Clear weather is a double edge sword when it comes to thawing underside sea ice,  this morning (May 12) I measured a later start of melting phase by 46 minutes than from May 10 (above).
Below is a darkened on purpose 1 hour phase change sequence:

The net effect of clear night air was to cool sea ice a great deal more especially with the low midnight sun.  This caused a later freezing to melting phase change,  remains to be seen whether a clear day can counter balance this shift and make the melting period last just as long than previous days.  Clouds with sunshine seem to be the most potent thawing combination.

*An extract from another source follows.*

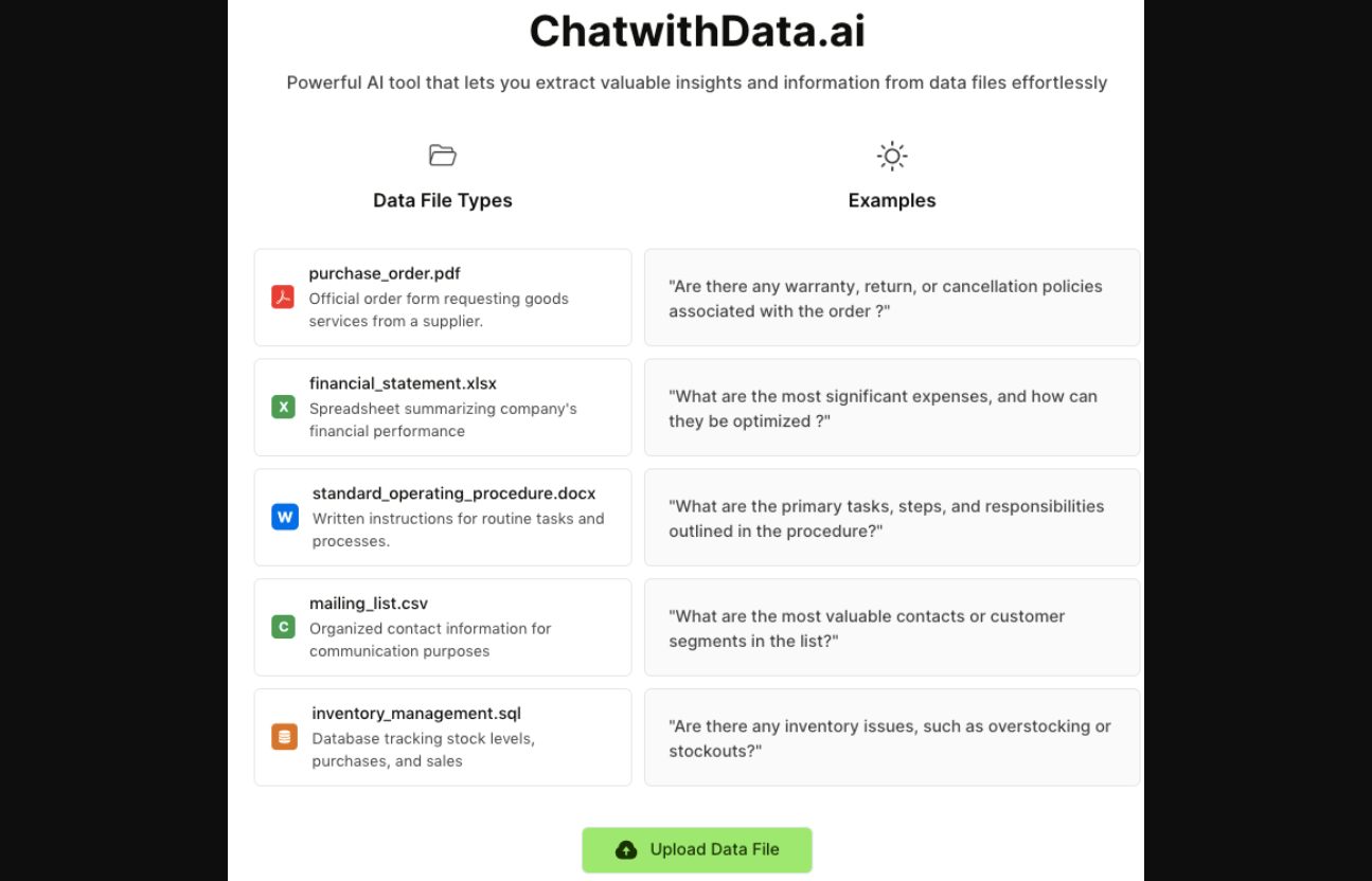 DataChat AI est un outil pratique qui extrait des informations et des idées de divers formats de fichiers grâce à une interface de chat interactive alimentée par OpenAI. Avec sa capacité à analyser les données en temps réel et à évaluer les risques liés à l'IA, DataChat AI rend les informations plus accessibles aux entreprises.

8 and a half hours later,   apparent underside thawing stopped ,  3.5 hours earlier than previous days,  in cool very clear air.  This is very interesting.  The likely reason is the latent cooling from the clear  night prior,  freezing the soft ice column further than usual.  There was cooler ice to start from, ultimately it was not warmed to previous days balance.  If left to clear air only, the freezing process would last longer in the spring because of the low midnight sun.  Pictures will be placed  up tomorrow.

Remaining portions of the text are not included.